DIRECTIONS FOR THIS TASK |
Exactly reproduce the lines from the one holding "Прочный и вместительный" through the end of the records, including both boundary lines but no pictures.

Data records
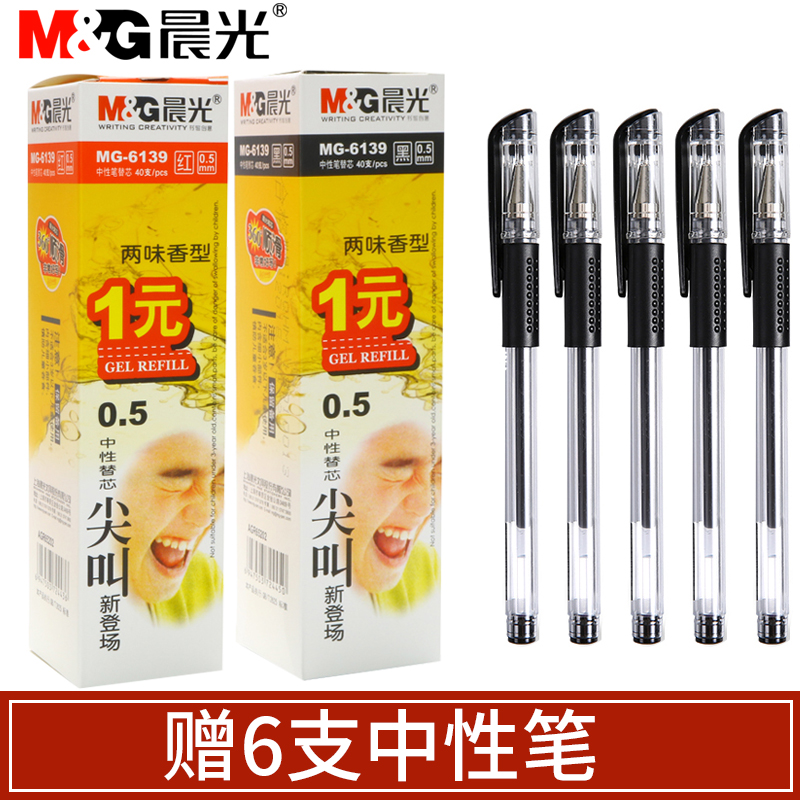 Scream refill 0 5mm morning light black two Medium Pen Core Semi-Needle Tube With Scented Type Students Examination With Pen Core mg-6139 Teacher Special Red Medium Pen Core 40 Support
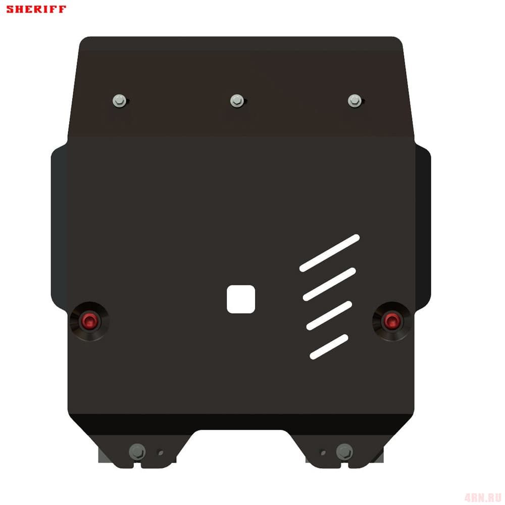 Защита картера Sheriff нужна для сохранности узлов и агрегатов, находящихся на днище авто. Она надежно защитит двигательный отсек вашей машины от повреждений. Также она защищает моторный отсек от влаги, грязи, и предусматривает наличие металлических крыльев, которые выполняют функцию пыльника.
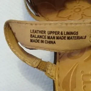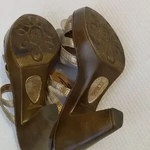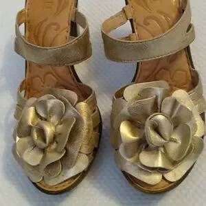 Gold leather upper w/ rose detail. Slip on w/ elastic strap for fit 1" platform & 4" sturdy heel Cute shoe
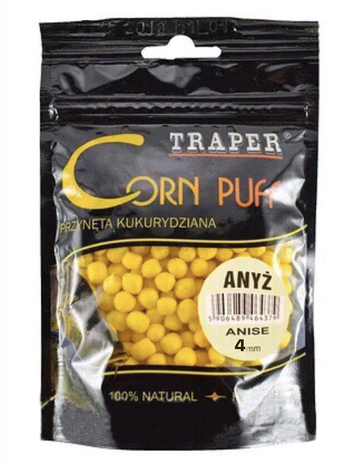 Corn puff - превосходная насадка, работающая по принципу шариков пенопласта. Содержит ароматизаторы, привлекающие рыбу. Может использоваться для ловли карпа, карася, голавля, язя, амура и другой рыбы. После попадания в воду размокает спустя 15 минут, поэтому подходит только для активной ловли (с частыми перезабросами кормушки). Вулканизированная кукуруза расфасована в удобные пакетики на защёлке. Разработана технология, позволяющая изготавливать вулканизированную кукурузу разных диаметров: 4 мм, 8 мм и 12 мм.
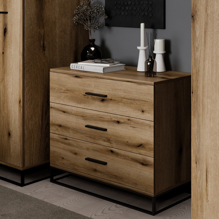 Прочный и вместительный комод простой конструкции – желанный гость в интерьерах лофт. Отлично справляясь с задачей хранения самых разных вещей, комод Ascet гармонично дополняет пространство, не перегружая его. Компактный размер позволяет легко размещаться в небольших комнатах и даже в отдельных функциональных зонах помещения. В трех выдвижных ящиках достаточно места для всего необходимого, а верхнюю поверхность можно использовать в качестве полки или столешницы. Это универсальная, удобная и надежная мебель для спальни, комфортная в повседневном использовании и легко выдерживающая эксплуатационные нагрузки.
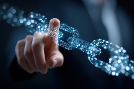 Business professional interacts with digital blockchain network illustration in modern office setting during a daytime meeting

YOUR SOLUTION |
 Прочный и вместительный комод простой конструкции – желанный гость в интерьерах лофт. Отлично справляясь с задачей хранения самых разных вещей, комод Ascet гармонично дополняет пространство, не перегружая его. Компактный размер позволяет легко размещаться в небольших комнатах и даже в отдельных функциональных зонах помещения. В трех выдвижных ящиках достаточно места для всего необходимого, а верхнюю поверхность можно использовать в качестве полки или столешницы. Это универсальная, удобная и надежная мебель для спальни, комфортная в повседневном использовании и легко выдерживающая эксплуатационные нагрузки.
 Business professional interacts with digital blockchain network illustration in modern office setting during a daytime meeting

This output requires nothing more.